## Your goal
Repeat exactly, and nothing more, the lines from the one that includes "This is a 1994" through the final line of the entries; skip the pictures.

## Excerpted data
+-------+
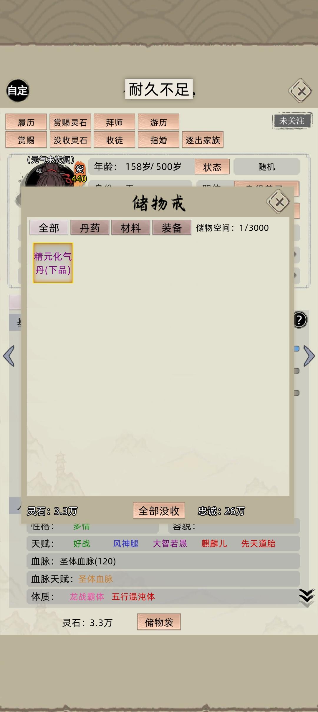 众所周知(之前论坛有人发过)变异血脉的属性效果取决于修士面板属性的占比。举个栗子:就是物攻高的修士觉醒血脉,更容易出高物攻天赋,先手高的同上。有人集齐三名人血脉加十多个红色体质、天赋,试图用一个六边形战士觉醒一个六边形天赋。但是人不能既要又要,什么都想要的后果就是,你会得到一个平平无奇的血脉,而这个血脉,还是你数十次回溯时间所能得到的最好结果。这对战斗修士或许影响不大,但对生活职业的修士,是
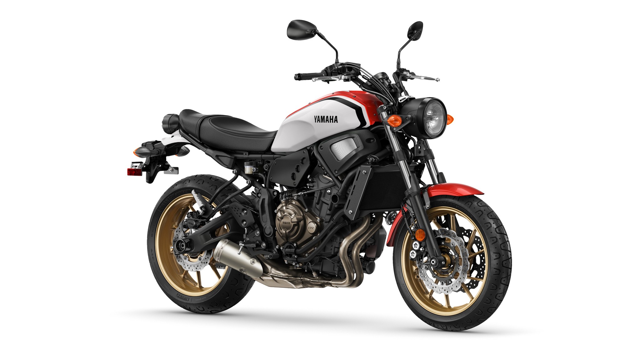 The XSR700 features a compact 689cc liquid-cooled, inline twin-cylinder, DOHC engine with fuel injection. This engine provides a unique power character with its outstanding low- to mid-range torque and very linear throttle response and complemented with strong high-rpm pulling power. This motor develops 50 foot pounds of torque and is designed to maximize riding excitement in the real world.
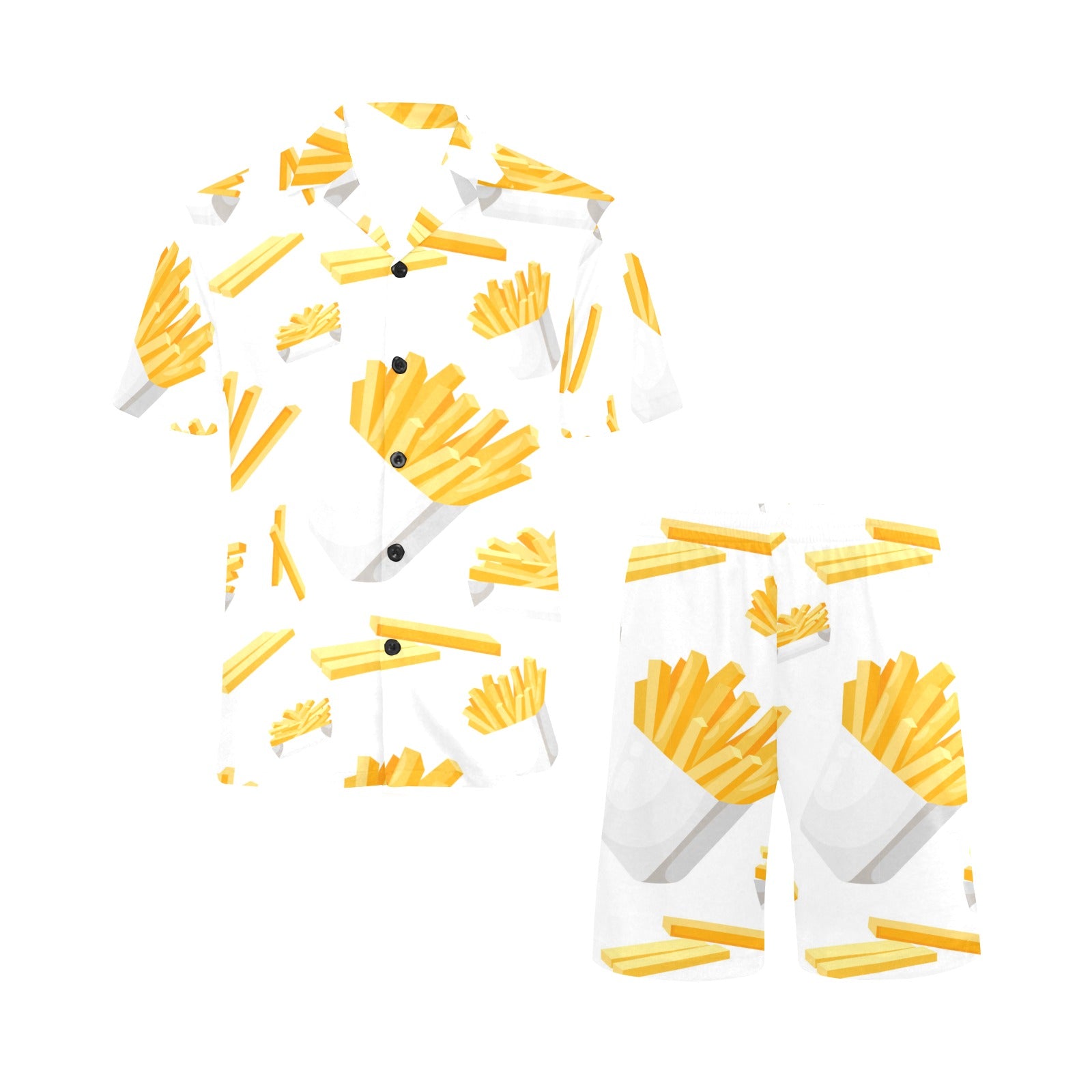 French fries white paper box pattern Men's V-Neck Short Pajama Set
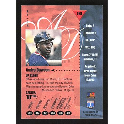 This is a 1994 Studio Andre Dawson baseball card. The card is #161 and pictures show condition.
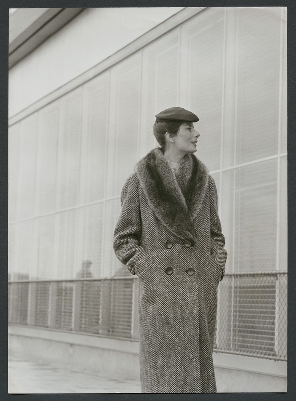Bilden föreställer paletå i tweed med pälsbesats och den nya bekvämligheten i utformingen, vilken innebär en slank men icke midjmarkerad silhuett. Från AB JA Wettergren & Co, Gbg. Kvinna fotograferad i trekvartsfigur framför husfasad.
+-------+
## Written solution
 This is a 1994 Studio Andre Dawson baseball card. The card is #161 and pictures show condition.
Bilden föreställer paletå i tweed med pälsbesats och den nya bekvämligheten i utformingen, vilken innebär en slank men icke midjmarkerad silhuett. Från AB JA Wettergren & Co, Gbg. Kvinna fotograferad i trekvartsfigur framför husfasad.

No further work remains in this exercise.